» Your goal: Beginning at the line that holds "Text sign showing" and continuing to the last line of the data below, transcribe every line word for word, without pictures.

» Dataset content:
■ ■ ■ ■ ■ ■ ■

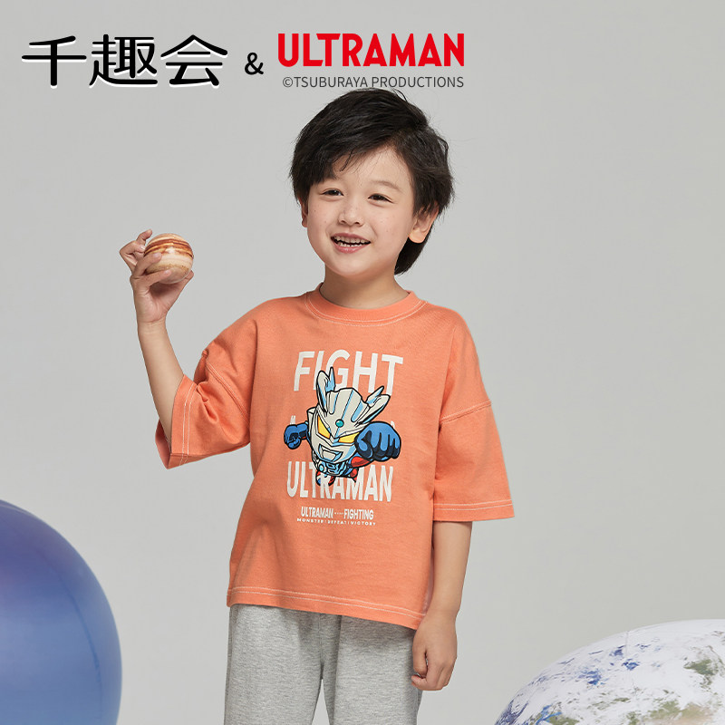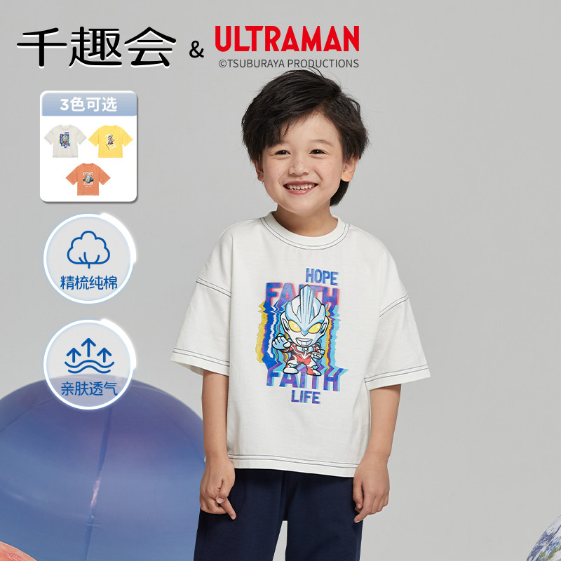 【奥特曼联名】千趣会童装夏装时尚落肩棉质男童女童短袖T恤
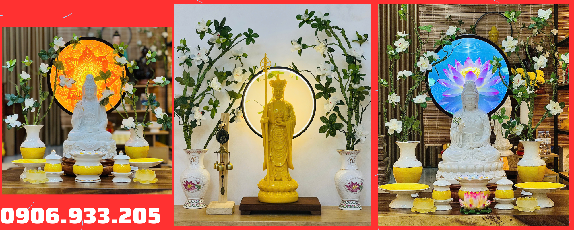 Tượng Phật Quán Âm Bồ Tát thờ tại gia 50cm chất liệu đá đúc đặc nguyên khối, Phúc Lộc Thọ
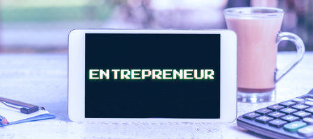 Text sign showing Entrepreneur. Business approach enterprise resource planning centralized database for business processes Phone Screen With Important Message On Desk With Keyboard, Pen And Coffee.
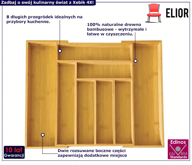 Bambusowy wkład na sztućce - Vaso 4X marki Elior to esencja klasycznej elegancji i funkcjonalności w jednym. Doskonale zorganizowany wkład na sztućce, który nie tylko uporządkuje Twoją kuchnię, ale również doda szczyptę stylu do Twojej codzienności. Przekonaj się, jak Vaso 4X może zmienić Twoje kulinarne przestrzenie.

■ ■ ■ ■ ■ ■ ■

» Result of this exercise:
 Text sign showing Entrepreneur. Business approach enterprise resource planning centralized database for business processes Phone Screen With Important Message On Desk With Keyboard, Pen And Coffee.
 Bambusowy wkład na sztućce - Vaso 4X marki Elior to esencja klasycznej elegancji i funkcjonalności w jednym. Doskonale zorganizowany wkład na sztućce, który nie tylko uporządkuje Twoją kuchnię, ale również doda szczyptę stylu do Twojej codzienności. Przekonaj się, jak Vaso 4X może zmienić Twoje kulinarne przestrzenie.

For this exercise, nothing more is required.